What Esty is looking for
Esty wants romance with genuine emotional stakes and a strong sense of place or magic. She is drawn to grounded fantasy woven through romance — think mythology, fae, fairy-tale architecture — rather than epic world-building. She also wants contemporary romance that is tropey and fun but still character-led. Cozy magic, vivid leads, and readability all score points. Queer romance, particularly wlw, is especially welcome.
She is looking for upmarket novels centered on women, especially those with queer representation or that update or reimagine classic narratives. She values emotional resonance and literary prose paired with commercial accessibility. Speculative elements and magical realism are welcome here as long as the character work is the engine. She gravitates toward stories that feel culturally urgent without being didactic.
This may be where Esty's tastes run deepest. She wants prose that takes formal risks — the kind of sentence that makes a reader stop and question whether a writer is 'allowed' to do that. She is drawn to artful realism, stories of social and institutional oppression, mythological retellings (especially those anchored outside a European cultural frame), and fiction that examines religion, race, and injustice through psychologically complex characters. Fresh and rebellious voice is non-negotiable.

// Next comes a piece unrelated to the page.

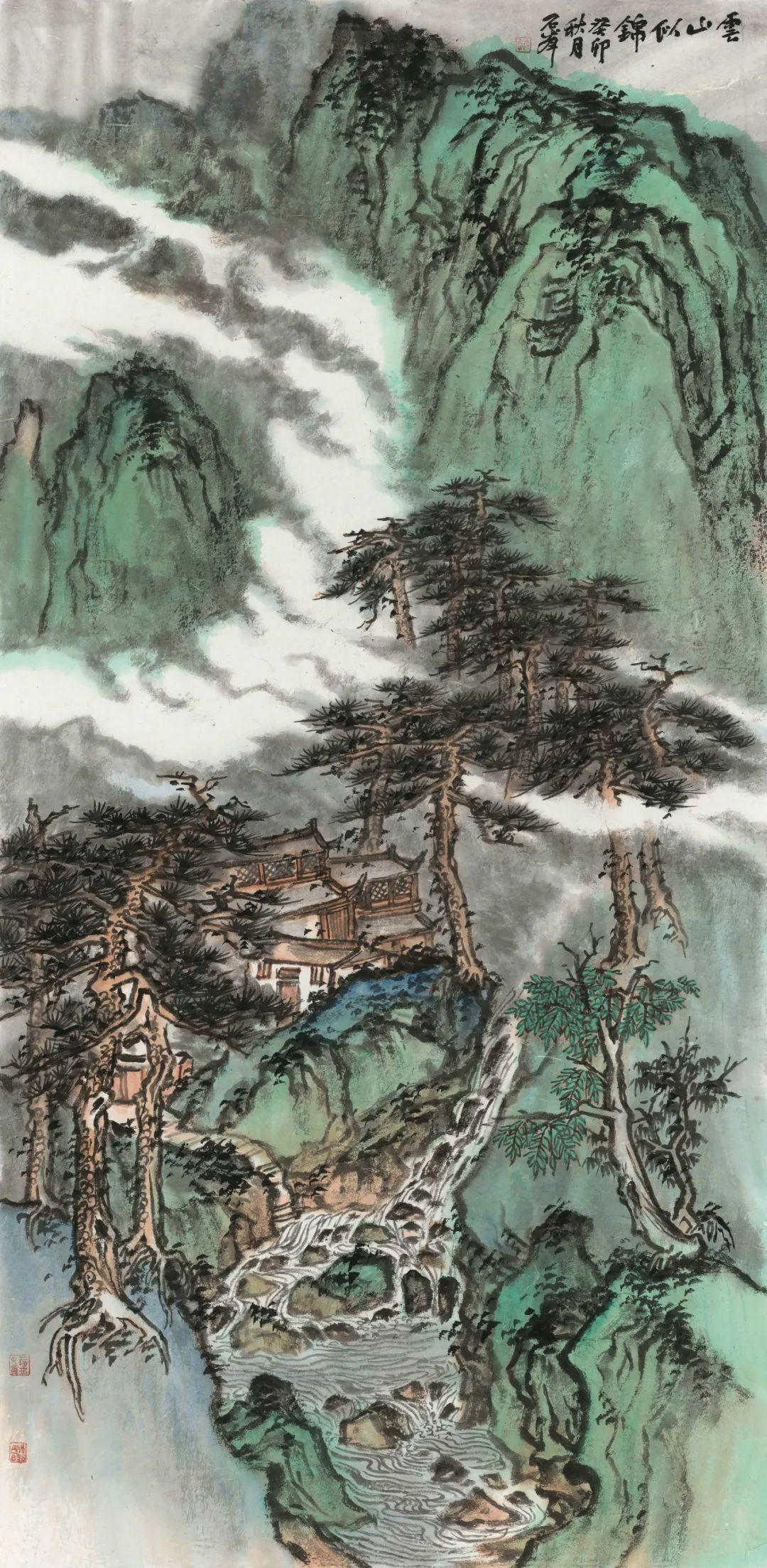 《云山似锦》 136×68cm 纸本青绿 2023年

Esty distinguishes clearly between grounded fantasy — rooted in emotional interiority, folklore, mythology, or a recognizable world with magical elements — and high fantasy, which she does not want. Fairy-tale retellings, mythological reimaginings, and magic-adjacent narratives work here as long as the emotional core and characters drive the story rather than plot-heavy world-building.
Beyond romance and fantasy, she is open to YA fiction more broadly — particularly stories featuring BIPOC protagonists, LGBTQIA+ teens, adoptee experiences, or narratives that push back against colonialist or religious systems of power. She names authors like Tomi Adeyemi, Joanna Ho, Holly Black, and Kate DiCamillo as touchstones, suggesting range from lush adventure to quiet, character-centered realism.
Not the right fit
On Esty's list
Taste fingerprint
How to query Esty
Her form is currently closed (last confirmed 2026-01-18) — check for reopening before drafting your query.

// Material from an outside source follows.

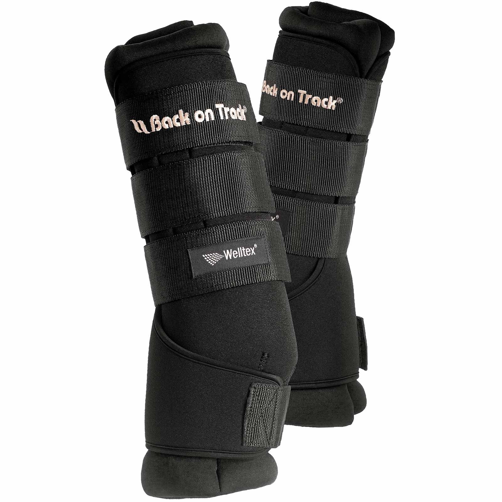 Die Back on Track Stallgamaschen Royal sind mit dem bewährten Welltex Material mit Keramik ausgestattet und fördern aktiv die Blutzirkulation. Die robusten Klettverschlüsse an der Außenhülle ermöglichen ein optimales Anpassen an das Pferdebein, ohne Druck auf der Sehne oder auf geschwollene Beine zu riskieren. Die Form der Gamaschen um das Fesselgelenk ist so konzipiert, dass sie bis zur Hufkrone sitzen. Das dicke Einlagen-Kissen ist von der sehr stabilen Neoprenhülle umgeben. Diese Stallgamaschen sind ausschließlich für Ruhephasen, im Stall und für den Transport, geeignet.

All submissions must go through her online form; emailing her directly is explicitly for non-submission inquiries only.
Lead your query letter with the emotional register of your book — she has stated clearly that she wants either exuberant celebration or scorched-earth intensity; name which pole your story occupies.

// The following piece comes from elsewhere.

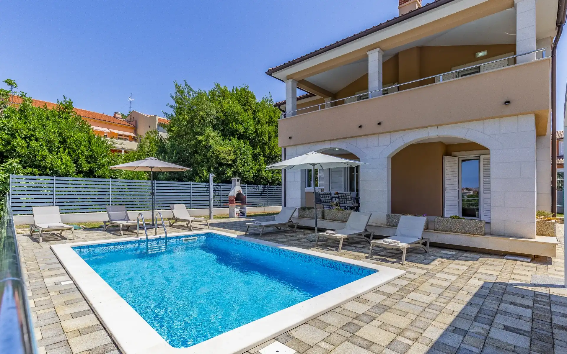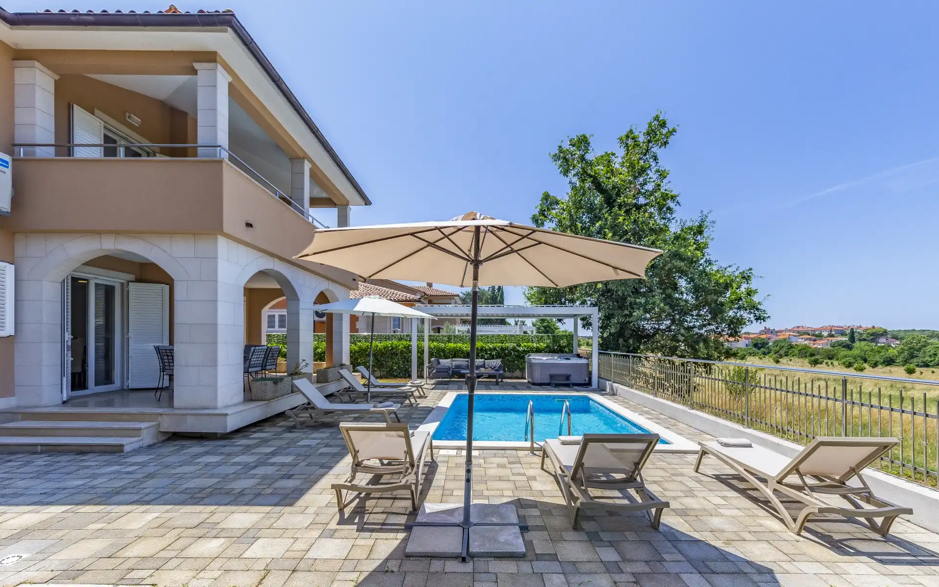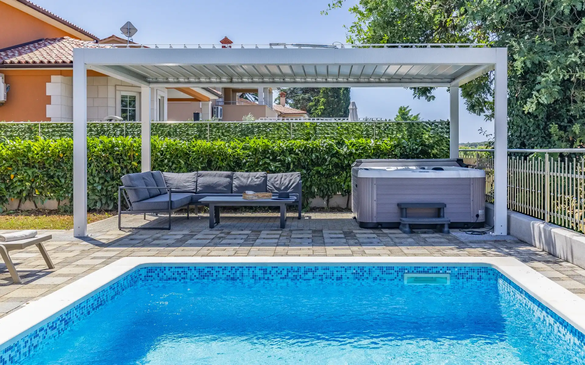 This complex consists of 6 villas. Each of them has its own fenced yard of 450m2, and the villas have an area of 136 or 169m2. Located in beautiful Pula, these elegant four-bedroom villas are designed for guests seeking privacy, comfort and a refined Mediterranean atmosphere. The villas feature four spacious bedrooms, a bright living room with direct access to the terrace, a dining area and a fully equipped kitchen with all the necessary appliances and utensils for a comfortable stay. The outdoor area offers complete privacy and includes a private pool, jacuzzi, sun loungers, a covered seating area and a barbecue, creating the perfect environment for relaxation and social gatherings. For additional entertainment, guests can enjoy table tennis, table football and a trampoline, making this villa a great choice for families and groups of friends. Pets are welcome upon request for an additional fee of EUR 10 per pet per night, payable in cash. The tourist tax is payable in cash upon arrival and amounts to: (1.4. - 30.9.) - EUR 1.60 per adult per night, EUR 0.80 per child (12-17 years) per night 1.10. - 30.4. - EUR 1.10 per adult per night, EUR 0.55 per child (12-17 years) per night Children under 12 years of age are exempt from this fee.

If your manuscript features an adoptee protagonist, LGBTQIA+ characters, BIPOC perspectives, or engages with anti-colonial or anti-Church themes, say so explicitly and early — these are stated priorities, not bonuses.
For literary fiction, quote or describe one sentence or passage that demonstrates your formal risk-taking; she has said the 'are you allowed to do that?' quality is what she's hunting for.
If your comp titles overlap with the authors she names as touchstones (Raven Leilani, Tomi Adeyemi, Madeline Miller, V.E. Schwab, Zadie Smith, Lauren Groff, etc.), use them — she has publicly claimed these writers as the range she wants to work within.
Do not conflate grounded fantasy with high fantasy in your pitch; specify how your magic system or fantastical element is rooted in character psychology, folklore, or a real-world cultural tradition rather than elaborate invented world-building.
For mythological retellings, flag the cultural origin of your mythology — especially if it is non-European, as she has singled this out as a particular area of interest.